Протяжный низкий гудок — сигнал отлета — пронесся над ракетодромом.
Гианэя ласково обняла Марину. (Марина не выдержала и прилетела на Пиренейский полуостров попрощаться с подругой.) Гианэя никогда не целовалась, и можно было думать, что обычай прижиматься губами неизвестен в ее мире.
— Мы скоро увидимся, — сказала она. — Вы будете со мной, когда я вернусь на Землю?
— Конечно, — ответила Марина. — Я буду с вами, пока вы сами меня не прогоните.
— Этого никогда не будет.
— Тогда, значит, мы состаримся вместе, — засмеялась Муратова.
— Это случится не скоро.
Как хотелось Марине воспользоваться случаем и еще раз спросить Гианэю о ее возрасте! Но она удержалась. Раз принятую линию поведения надо было выдерживать до конца. Гианэя должна сказать все по своей инициативе.
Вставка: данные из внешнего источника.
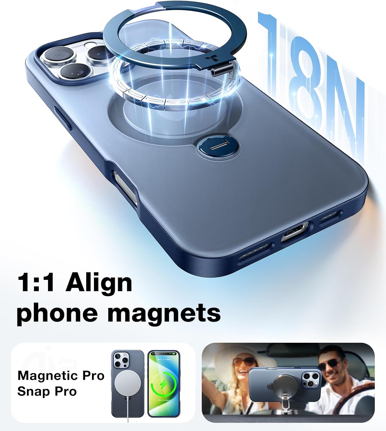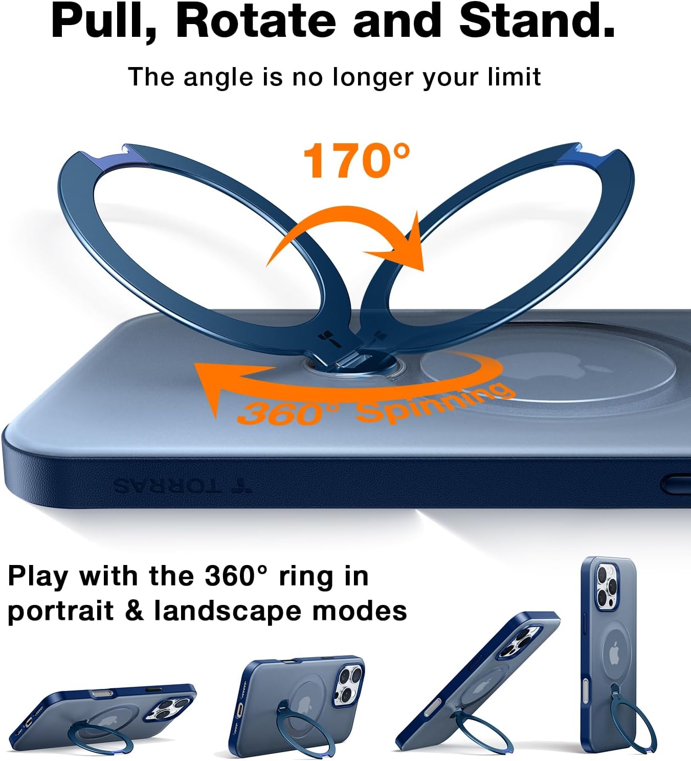 TORRAS Upgraded 360 Spin Magnetic Stand for iPhone 16 Pro Case, Fit for MagSafe, Built-in Kickstand & Ring Holder, Mil-Grade Protective Soft Edge Translucent Slim Case for iPhone 16 Pro, Blue 6.3''
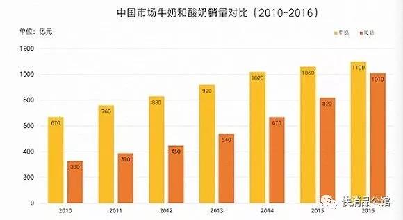 市场调研公司欧睿国际统计的2010-2016年间中国市场酸奶和牛奶的销量变化表显示,6年间,中国市场酸奶的销售从330亿元增长至1010亿元,而牛奶的销售从670亿元增长至1100亿元,显然,酸奶的销售增幅更快,照此趋势,在2017年,酸奶的销售将达到1220亿元,超越牛奶。
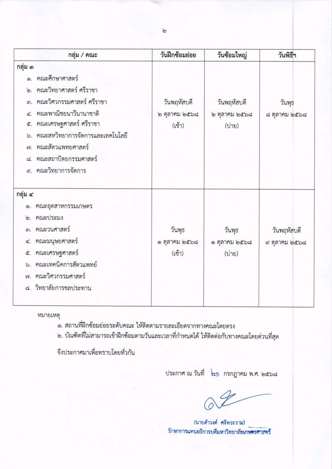 กลุ่ม 2 ซ้อมย่อย 3 ตุลาคม 2568 (เช้า) / ซ้อมใหญ่ 3 ตุลาคม 2568 (บ่าย) / วันพิธี 7 ตุลาคม 2568
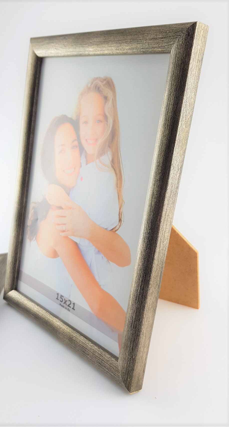 - Tył ramki wykonany jest z 3,2 mm HDF, czyli pilśnie gładkiej płyty z obu stron. Do formatu 21×29,7 dodatkowo montujemy podpórkę, umożliwiającą postawienie ramki na biurku. Ramka posiada również zawieszkę, umożliwiającą jej powieszenie na ścianie.

Эта тактика уже оправдала себя, если не считать вмешательства Виктора.
— Счастливого пути и полного успеха!
— Для вас, — ответила Гианэя, — для людей Земли. Но не для меня.
— Еще раз говорю вам, вы ошибаетесь. Гианэя не ответила. Раздался второй гудок.
Провожающие сели в машины, которые на больших скоростях ушли от звездолета, Участники экспедиции один за другим скрылись в выходной камере. Последней в корабль вошла Гианэя.
Герметические двери закрылись.
Муратов обратил внимание на полное спокойствие Гианэи. Этого не могло быть, если бы она не привыкла к космическим полетам.
— Вы часто покидали свою планету? — спросил он.
— Мою планету? — переспросила Гианэя каким-то странным тоном.
— Вашу родину.
— Да, часто. У нас это обычное дело. — В ее голосе ясно звучали насмешливые ноты.
Но к чему относилась эта насмешка, к Земле или к ее родине, Муратов так и не смог решить. Было возможно и то и другое.
Научный городок кратера Тихо был выстроен у северного склона хребта, под защитой нависших скал. Здания, стоявшие открыто, как например астрономическая обсерватория, были окружены магнитными и антигравитационными полями. Все же наиболее крупные и быстрые метеориты пробивали иногда защитный слой, и был случай, когда довольно сильно повредили главный телескоп.
Пребывание на Луне не было вполне безопасным, но люди мирились с этим, учитывая огромную пользу, приносимую астрономии и службе космического излучения отсутствием атмосферы — этого бича земных наблюдателей.
Много очень ценных для науки открытий было сделано на Луне, и это вознаграждало людей за риск, которому они ежечасно подвергали свою жизнь.
На Земле полным ходом шли изыскания способов более надежной защиты, и близко было уже время, когда «селениты» будут находиться на Луне в такой же безопасности, как у себя дома.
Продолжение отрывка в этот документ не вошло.